CONTROLEUR EUROPEEN DE LA PROTECTION DES DONNEES (CEPD) : D’après Bloomberg, le CEPD a identifié que le Système d’Information Schengen 2 (SIS 2) présentait des milliers de failles de cybersécurité, dont certaines potentiellement graves. Il critique aussi le nombre important d’administrateurs de la base de données ainsi que les failles dans le pilotage du projet (lenteur des corrections, recours à des cabinets de conseil). Le SIS 2 a vocation à être intégré au système entrée/sortie (validé par le Conseil) qui doit se déployer progressivement à partir de la fin 2025 ; et ainsi automatiser l’enregistrement des ressortissants de pays tiers franchissant les frontières de l’UE.
ZONE EURO : La Bulgarie rejoindra officiellement la zone euro le 1er janvier 2026 ; et abandonnera en conséquence sa monnaie nationale, le lev (taux de conversion : 1 euro= 1.95583 lev). Le pays sera le 21ème Etat à rejoindre l’union monétaire, envoyant par là même un message clair. En dépit d’une opinion publique tiraillé entre Bruxelles et Moscou et des craintes sur l’inflation alimentées par le Kremlin, Sofia satisfait aux critères de Maastricht (dette représentant 24% du PIB bulgare – VS 113% en France – 2.7% d’inflation et 3% de déficit). Cette adhésion renforcera le poids économique de la zone euro ainsi que la crédibilité et l’influence de la monnaie unique à l’international
PARLEMENT EUROPEEN : Les eurodéputés ont validé à une large majorité le déploiement progressif du système entrée/sortie, longtemps attendu mais ayant connu des retards. Il a vocation à enregistrer certaines données de ressortissants de pays tiers entrant et sortant de l’UE (nom, document de voyage, heure/lieu d’entrée/sortie ou encore données biométriques). Mis en place à partir d’octobre 2025, il attendra sa pleine capacité 170 jours après – des paliers intermédiaires étant prévus (seuils pour lesquels le Parlement a obtenu gain de cause – voir la brève du CRSI à ce sujet).
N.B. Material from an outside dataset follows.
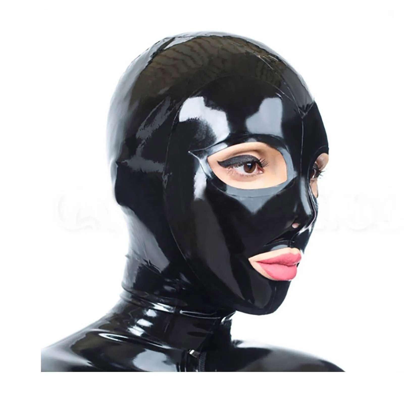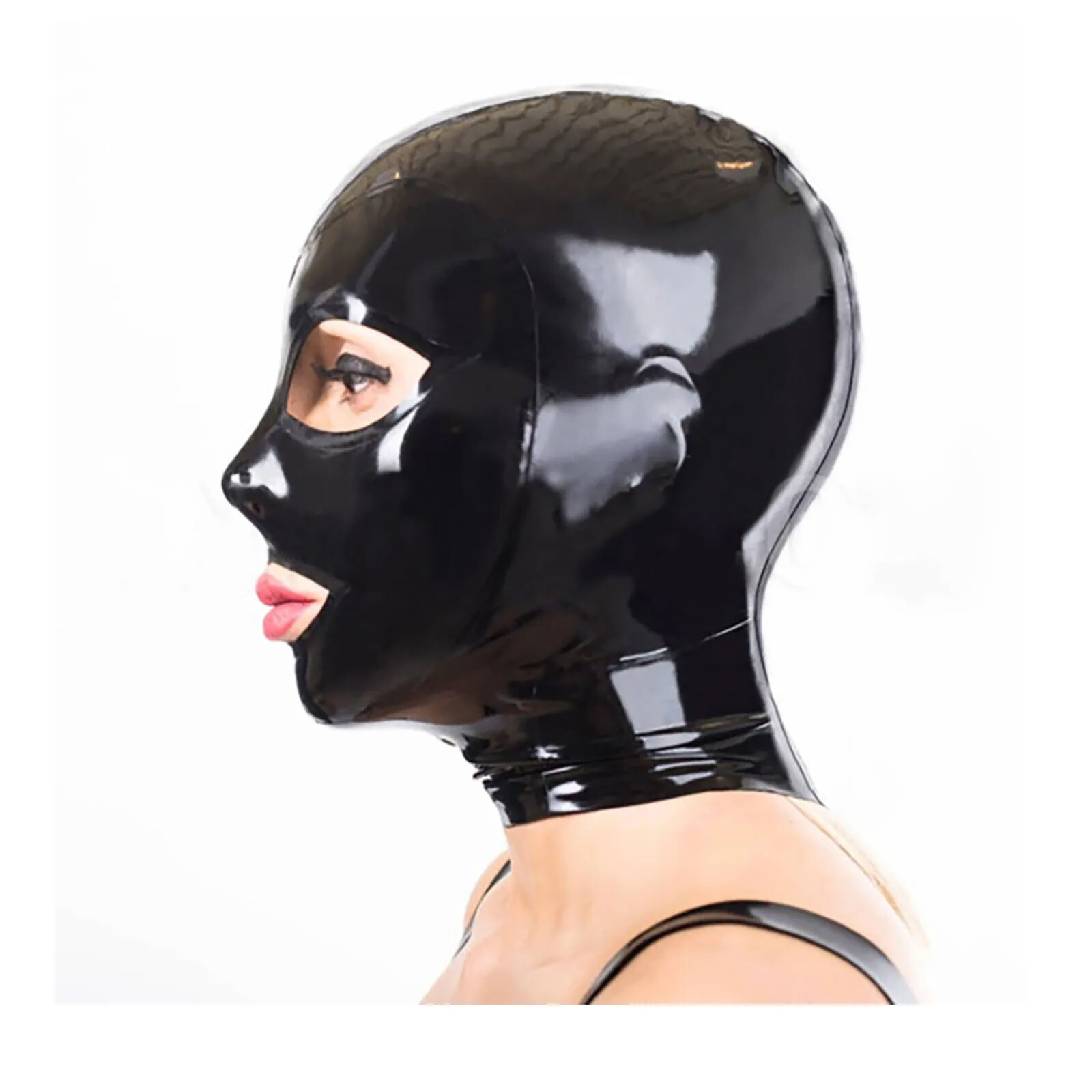 как выглядит Pure Black Latex Hood Exposed Eyes Nose Rubber Mask BDSM Fetish Party Cosplay фото

COMMISSION : La Commission européenne a proposé des mesures temporaires relatives à la délivrance de visas envers les ressortissants guinéens : suspension de la délivrance de visas à entrées multiples, allongement du délai de traitement ou bien suspension des exemptions aux droits de visa. Bruxelles justifie cette position par les très faibles taux de réadmission enregistrés par la Guinée, avec un taux de retour de ses ressortissants en séjour irrégulier d’à peine 3%. Cette décision intervient alors que les colégislateurs ont acté une réforme des règles de suspension à l’exemption de visas en juin 2025 (voir la brève du CRSI à ce sujet).
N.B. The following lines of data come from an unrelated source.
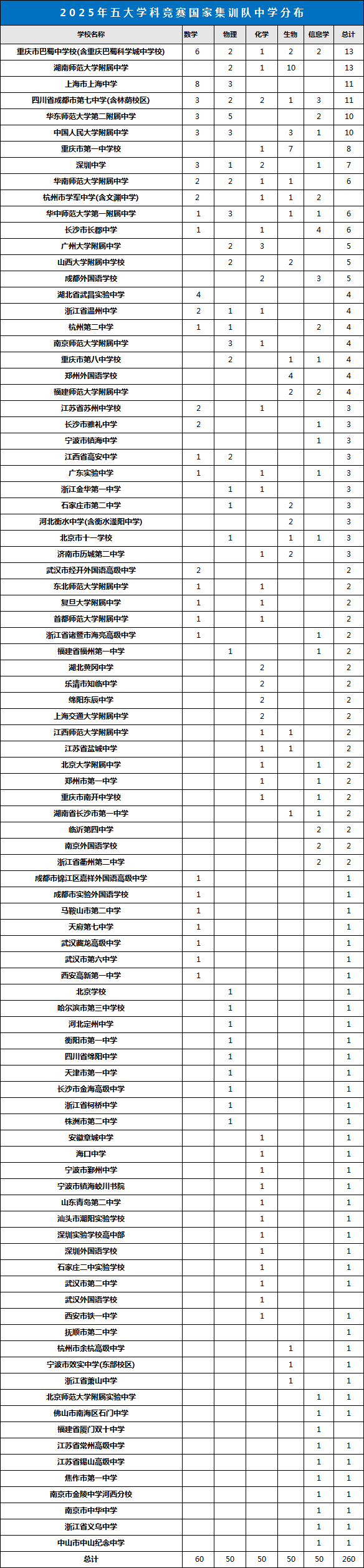 进入五大学科竞赛国家集训队的260名考生(数学竞赛60人,其他竞赛各50人),可以直接获得保送清华、北大的名额。以下则是2025年国集的完整名单,及各省份、中学分布情况:
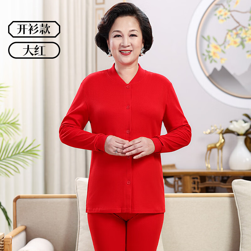 恒源祥女士纯棉保暖内衣中老年人冬季秋衣裤秋裤套装妈妈棉毛衫_408 180/2XL【纯棉3A级】 大红
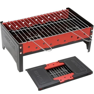 barbecue peut être plié en un paquet complètement plat,qui le rend facile à emporter, quesoit lors d'une excursion en camping, d'une escapade à la plage ou même pour un barbecue dans le jardin. Il ne faut que quelques secondes pour installerbarbecue et une fois refroidi, il peut être emballé tout aussi rapidement.Couleur : rouge et noirMatériau : acier inoxydableTaille : 44 x 25 x 16 cm (L x l x H)Surface de cuisson : 41 x 25 cm (L x l)Barbecue portable et pliableConstruction en acier résistant à la chaleurFacile et rapide à monter
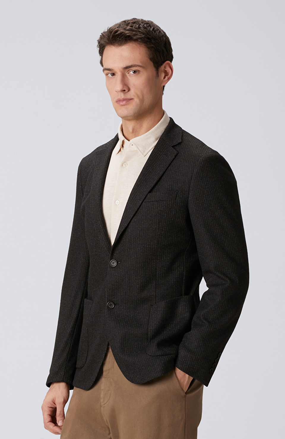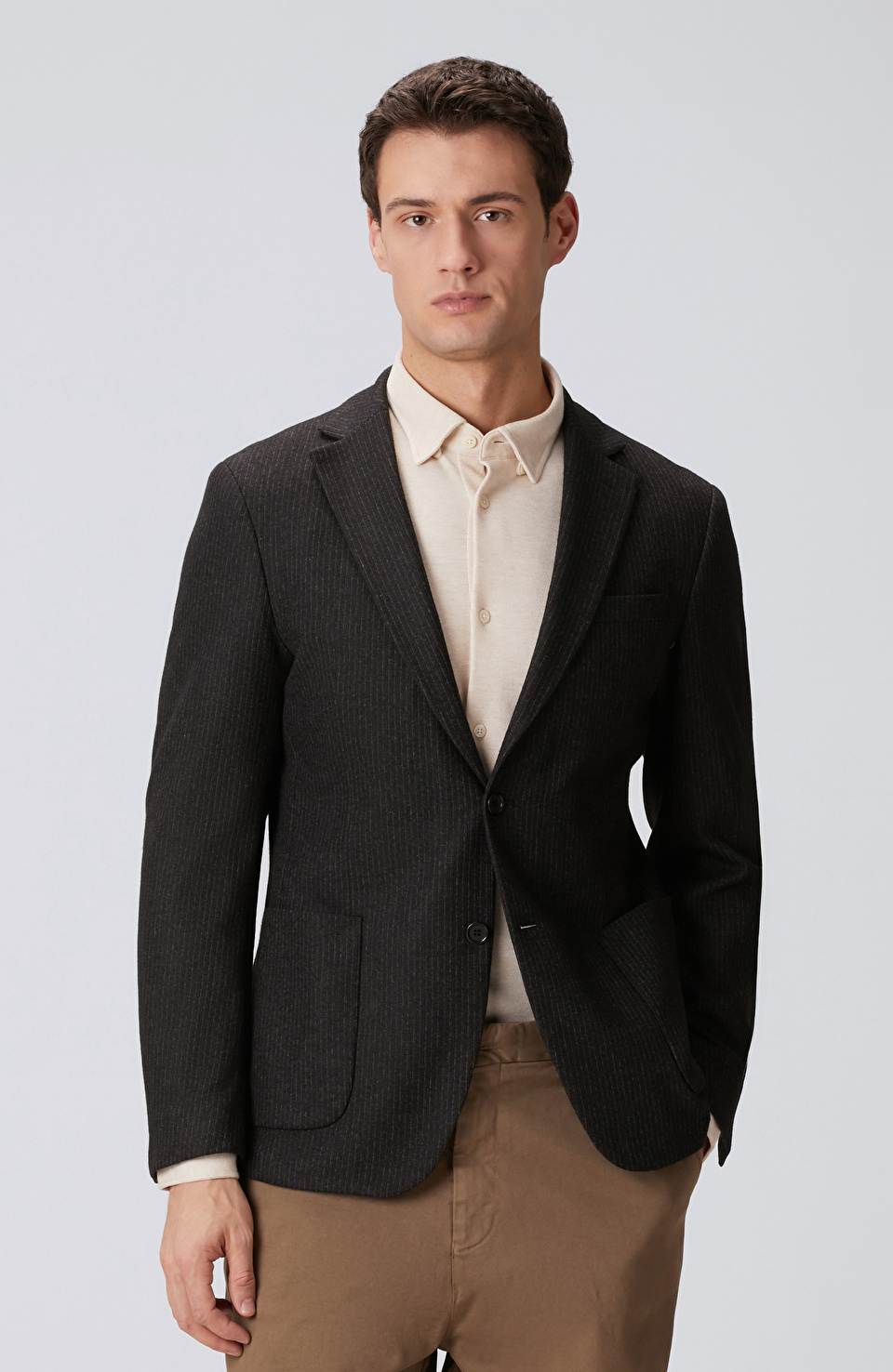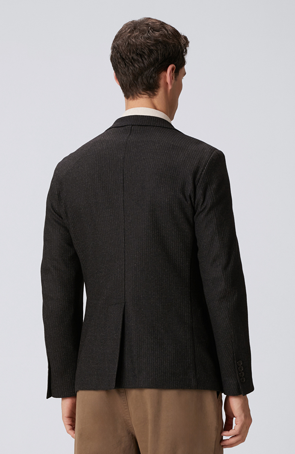 Siyah Çizgili Yün Karışımlı Örme Ceket

Sur un sujet connexe, le prix de la future autorisation de voyage (ETIAS) pour les ressortissants de pays n’ayant pas besoin de visas pour voyager dans l’UE a été fixé à 20 euros (contre 7 actuellement). La Commission justifie cette hausse par des coûts de fonctionnement en hausse, un système technologique plus perfectionné et la volonté de s’aligner sur les autorisations de voyage pratiquées ailleurs dans le monde. Le prix d’ETIAS est en effet similaire à l’ETA britannique (20 livres) et à l’ESTA américain (21 dollars) mais inquiète fortement les professionnels du voyage et du tourisme.
ITALIE : La Cour Constitutionnelle a jugé le 8 juillet 2025 que le décret pris par le Gouvernement pour encadrer de manière plus stricte les activités des navires des ONG en mer était constitutionnel. Ce décret imposait de réaliser un unique sauvetage avant de se diriger vers un port assigné par les autorités. De plus, la détention des navires à quai est jugée légale.
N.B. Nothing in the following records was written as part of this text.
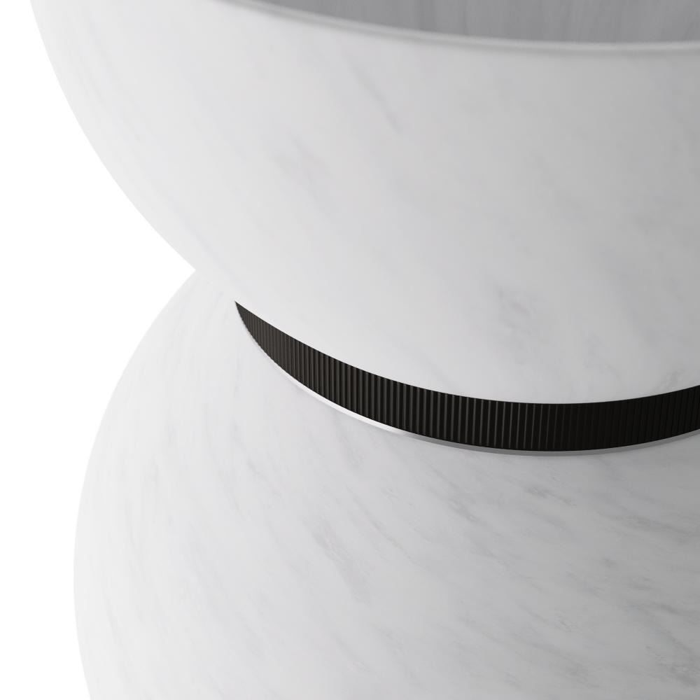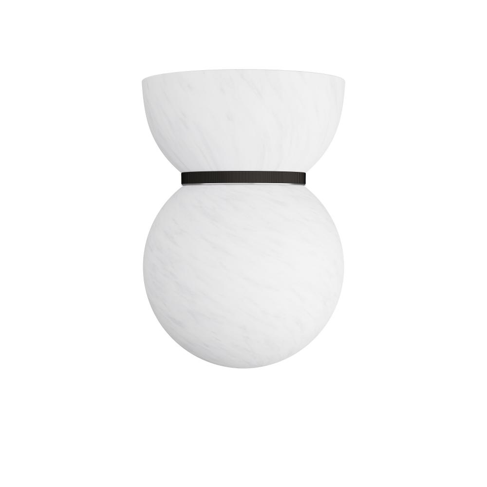 Matte swirl glass lends a lively effect to our spherical flush mount. Anchored by a tapered mount with an English bronze steel band accent, it resembles nothing so much as an upside-down snow globe. Damp-rated, although limited covered outdoor conditions may affect finish. Finish will vary.
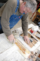 On March 28, 2009, noted wood rail car expert Glenn Guerra from Guerra Museum Services of Wisconsin visited the Museum to conduct a 4Culture-funded condition assessment and treatment plan for Chapel Car 5 Messenger of Peace. Messenger of Peace is already better documented than most objects in the collection, but it still has many secrets to reveal. Built in 1898, it is a true wood car and is a rare surviving example from the golden age of railcar construction.
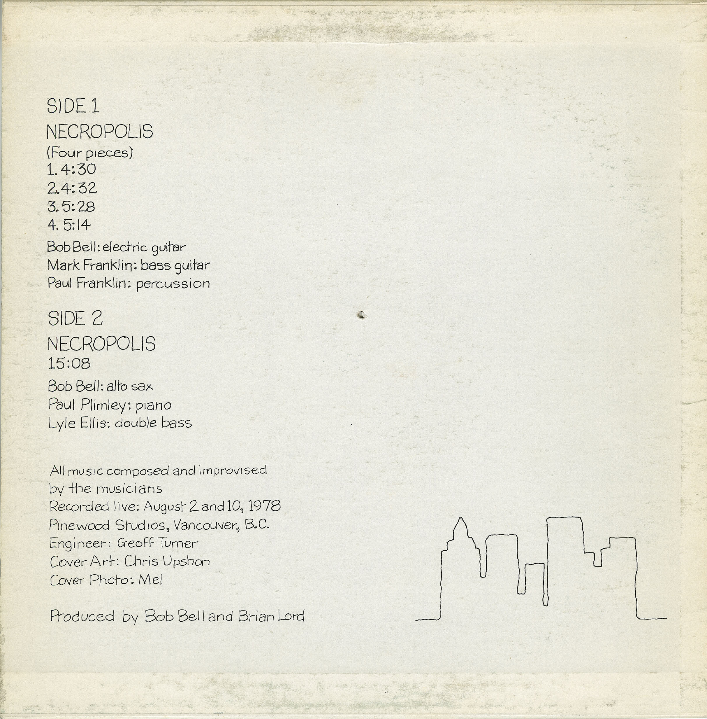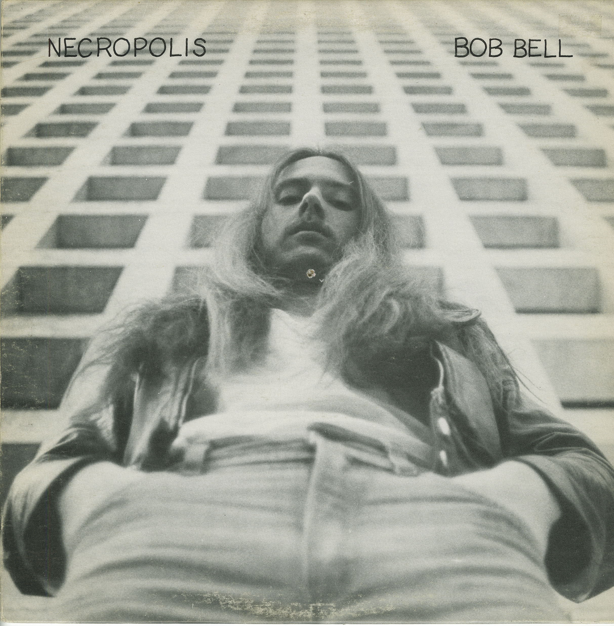 Since its release in 1978, Bob Bell’s Necropolis has grown in stature to become one of Canada’s most highly sought after private-press LPs. The glassy-eyed Vancouver longhair gazing out from the album’s cover photo—strikingly shot from an ant’s eye view pointing up at his denim crotch—doesn’t welcome listeners into his musical world as much as dare them to join him. Recorded over forty-eight hours during which Bell presided over two separate trios, it has him playing guitar on the A-side in four superhuman bursts of psychedelic basement rock by one trio, and switching to alto sax on the flip side for a fifteen-minute free-jazz blastoff by the other trio.

ALLIANCE DES PORTS : Le groupe de contact, formé de 16 ports et lancé sous présidence belge du Conseil, pourrait s’ouvrir à d’autres ports, plus petits. C’est en tout cas le souhait de la présidence danoise alors que le trafic de drogue ne faiblit pas et que la coopération entre les différentes autorités produit des résultats. Cela permettrait aussi de s’adapter aux structures criminelles qui contournent de plus en plus les grandes infrastructures, mieux surveillées, au détriment d’autres, plus faciles à pénétrer. La thématique des attaques hybrides et des cyberattaques est aussi évoquée.